I turned around to yell at him and saw the same smile on his face that I had earlier teasing him about the dog. He was just returning the favor and ignoring my small mental health crisis. Besides, I thought to myself, I am allowed to enjoy the little things, Right? Thinking about a great wonderfully rolled joint, was a happy thought to me. I mean it is all that is left, the little things. And right now those little things mainly existed in my head and teasing my brother was always helpful I thought.
Smiling I said “Your welcome to tell Amy only if you tell her you want another baby.” That hit the big red button my sister always loved to push. That thought snapped him back to attention and to who was boss. Looking at me shrewdly and with his very large giant stare he pressured down on me asking me what gave me such a thought... Standing at my fullest height which to say is not much 5'7 in heals kind of short.

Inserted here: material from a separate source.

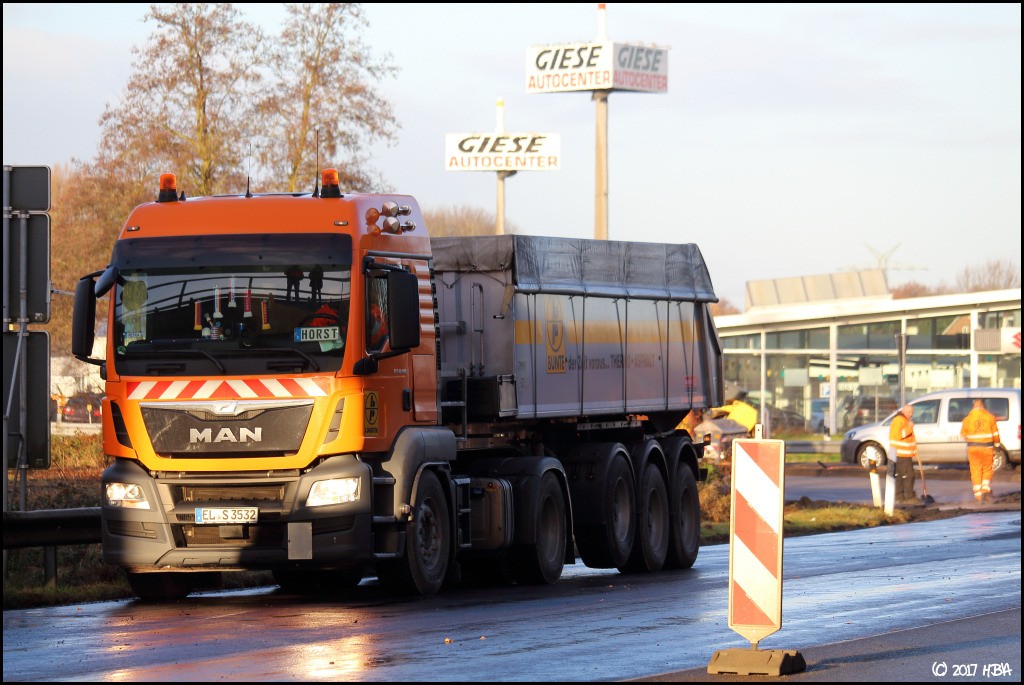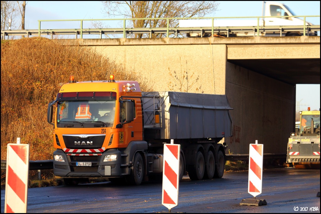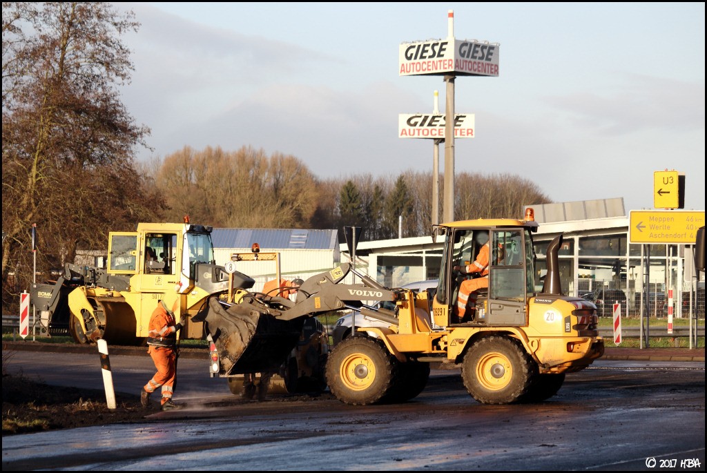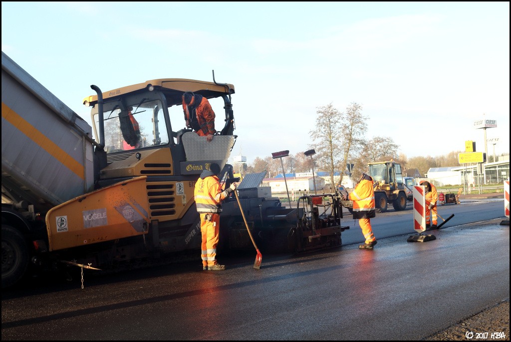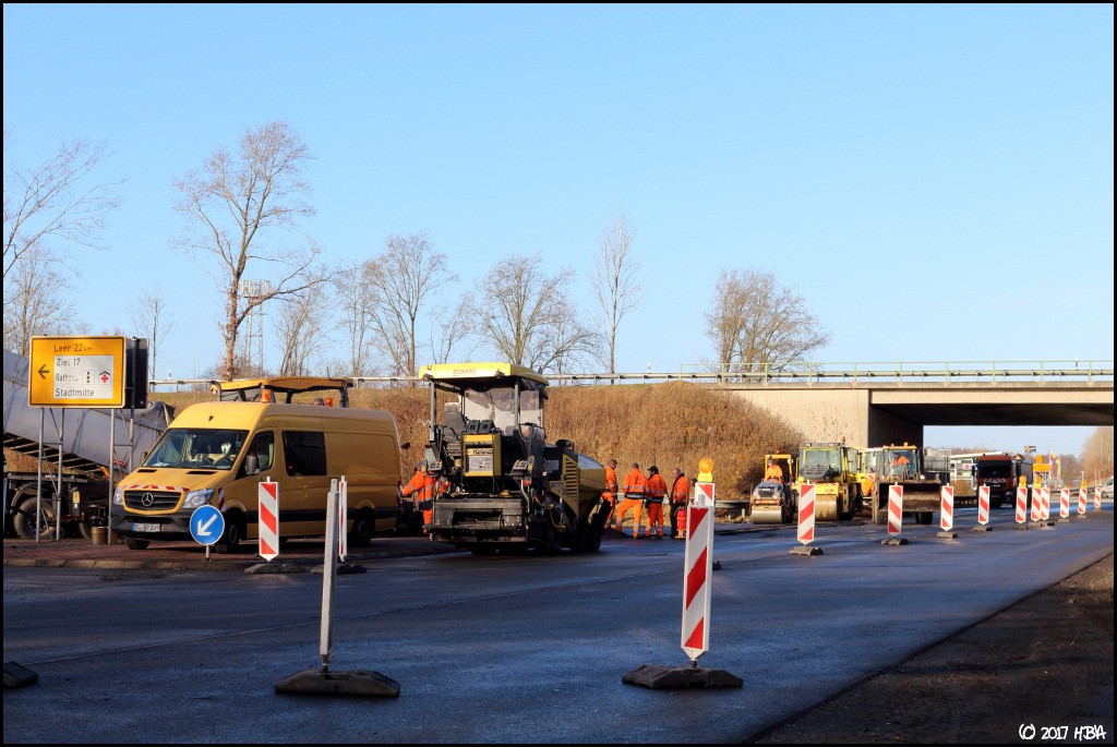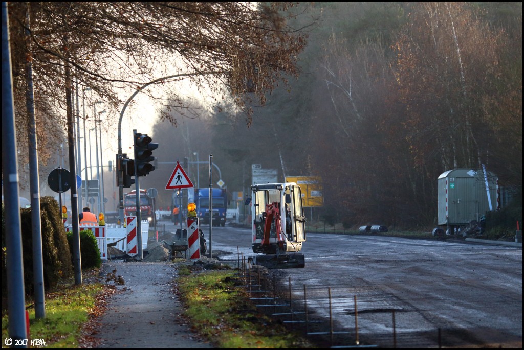 HBA 14.407 Geschrieben 10. Juni 2017 Autor Geschrieben 10. Juni 2017 Anfang Dezember begann man damit, einen Bauabschnitt am entgegen gesetzten Ende der Baustelle zu asphaltieren. In diesem Abschnitt liegen die Zu- und Abfahrten einer vielbefahrenen Bundesstrasse, die Arbeiten hier fanden nicht unter Vollsperrung statt. Vielmehr wurde der Verkehr von und zur Bundesstrasse unter Ampelregelung einspurig an der Baustelle vorbei geleitet. 1 Zitieren
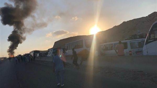 اشتعال النيران بسيارة نقل أعلى الطريق الإقليمي بحلوان

I looked up at him and said “We are all living in the same house and as much as my sister gets “it” we would all be prego by now!” yelling at my fullest whisper. He turned and looked at me shrewdly and said “if we “DID” have another baby it would be mighty just like this family, and life will go on you know.” looking at him softly and calmly because I knew if I raised my voice or acted challenging he would react in an Alfa manner. So I kept my voice and my face calm and said “Look, G having a baby is almost as dangerous as having a dog. You know this! There are so many different things we would have to do.” Panic starting to rise, in my throat thinking of all that would have to be done to protect my family as it evolves. I just wanted to run, but can't run, must be an adult. Some one fucking had to! Babies, what was this fool even fucking thinking about I wondered. Looking at G I said to him in the same soft voice of reason and understanding. “G, we are close, to being safe. So close to being ahead of this. Just give it a little more time, if at all possible please G” ending with a plea in my voice. “If something did happen we will deal just as we always do, right now let just try not to let anything happen.”

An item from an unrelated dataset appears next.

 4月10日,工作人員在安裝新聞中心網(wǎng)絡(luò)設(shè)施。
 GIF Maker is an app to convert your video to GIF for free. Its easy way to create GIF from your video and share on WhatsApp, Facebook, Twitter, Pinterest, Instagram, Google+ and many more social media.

Looking at me with just a strait of a face as mine had been “If you let me ride the bike! I'd fuck less” laughing as I started to swing at him. He knew that bike was trouble it was our only divergent however. Being as loud at the damn thing is. And as the world died it got a lot quieter, sound traveled further and so did trouble. When we were up against a pack of wonders it was always helpful with G riding that noise maker around to distract and disperse so we could deal with them in smaller groups. I had to be relentless because they were. I had to get them all to see the bigger picture. We were not safe “Yet” not yet. I am sure there can not be that many more it has seemed as if we had killed all that the population of Colorado could allow and then some.

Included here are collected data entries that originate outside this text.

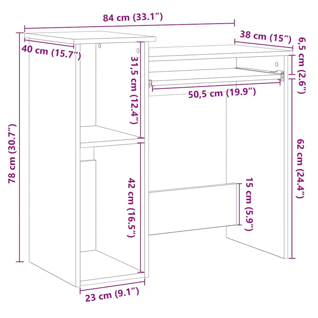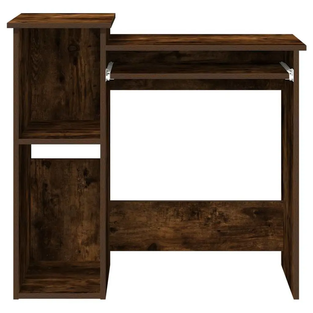This desk is all about functionality and style, making it a top choice for any study or office. Made from quality engineered wood with a lovely smoked oak finish, it offers a sleek surface perfect for studying, writing, or using a computer, creating a productive atmosphere. Ample Storage: The desk has two sturdy shelves, offering plenty of space for your books, supplies, and knick-knacks, so you can keep your area neat and organized.Timeless Design: With its modern vibe, this desk blends smoothly with all sorts of decor styles, adding both elegance and practicality to your room.Durable Construction: Made of strong engineered wood, this desk is built to handle everyday use, staying reliable in busy homes or offices.Easy Maintenance: The smooth desk surface makes cleaning a breeze, allowing you to keep it tidy without needing any harsh cleaning products.Compact Size: At 33.1 in wide, 15.7 in deep, and 30.7 in high, this desk fits perfectly in smaller spaces while giving you enough workspace to knock out your tasks.
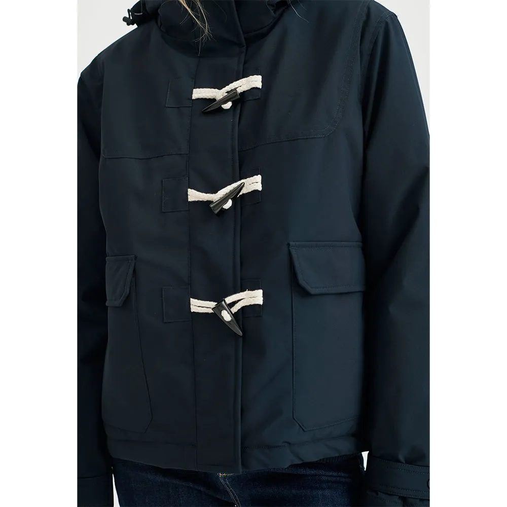 Un cappotto duffle tecnico, con funzionalità moderne di indumenti esterni.
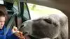 Just a bit farther down, the burrows were out in the road begging. Granddaughter got out to pet them when we saw folks out of their cars. The burrows were downright docile. She loved it.
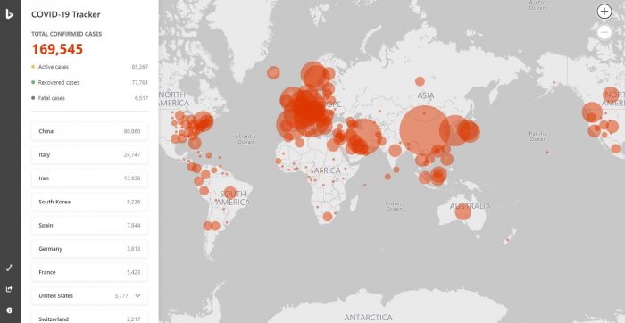 বিজ্ঞান ও প্রযুক্তি ডেস্ক : সার্চ ইঞ্জিন বিং এর ব্যবহারকারীদের জন্য করোনা ভাইরাসের লাইভ আপডেট নিয়ে এলো মাইক্রোসফট। যেখানে একটি ম্যাপে করোনায় আক্রান্ত ব্যক্তি ও দেশসমূহের তথ্য তুলে ধরা হচ্ছে।
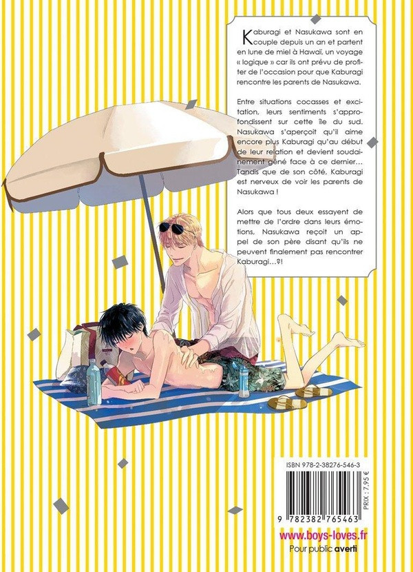 Kaburagi et Nasukawa sont en couple depuis un an et partent en lune de miel à Hawaï, un voyage '' logique '' car ils ont prévu de profiter de l'occasion pour que Kaburagi rencontre les parents de Nasukawa. Entre situations cocasses et excitation, leurs sentiments s'approfondissent sur cette île du sud. Nasukawa s'aperçoit qu'il aime encore plus Kaburagi qu'au début de leur relation et devient soudainement gêné face à ce dernier... Tandis que de son côté, Kaburagi est nerveux de voir les parents de Nasukawa ! Alors que tous deux essayent de mettre... Lire la suite
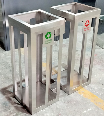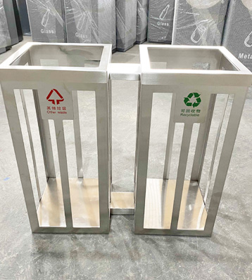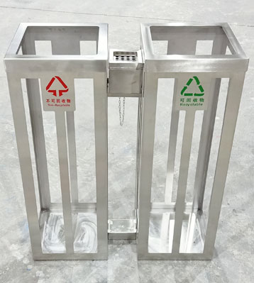 地鐵站方形可視分類垃圾箱核心部件模壓成型不脫焊不易破損堅(jiān)固耐用。地鐵站垃圾2分類投放設(shè)計(jì),足1.45厚304不銹鋼框架四周部分鏤空套垃圾袋,存放什么垃圾一目了然,及時(shí)了解排除安全隱患。有帶煙灰柱和不帶兩種款式。帶煙灰盅款安裝在兩分類桶中間,通過鏈條與桶身固定,可用于滅煙或煙蒂收集使用。桶身正面絲印可回收物、其他垃圾2分類標(biāo)識(shí),清晰醒目有助從地鐵車站等人流量大的場(chǎng)所做好垃圾分類投放!

I have had thoughts of moving further north into Canada and Alaska, remembering how cold the winters were there before. I wondered if the fall of the human civilization will help with the global warming issue. I also started to wonder how many of the factories had blown due to lack of workers and guidelines. Man I needed a joint I thought. My brain in on overdrive. I need some type of release. I looked over the city below me and surrounded by a large metal wall. I feel that I have so much to do here how could I ever think of leaving. I longed to go find him, I knew he was alive some where and I could feel him like a magical string tied to my mind and heart. I or maybe it was my great longing to be with him all tied up in my mind. I wanted to feel his strength wrapped around me. I use the thought and feeling of a memory to stay alive. Taking a big breath and exhaling any depression that lingered on the top. I turned and started my final round on the rout to meet my south half of the baton guard.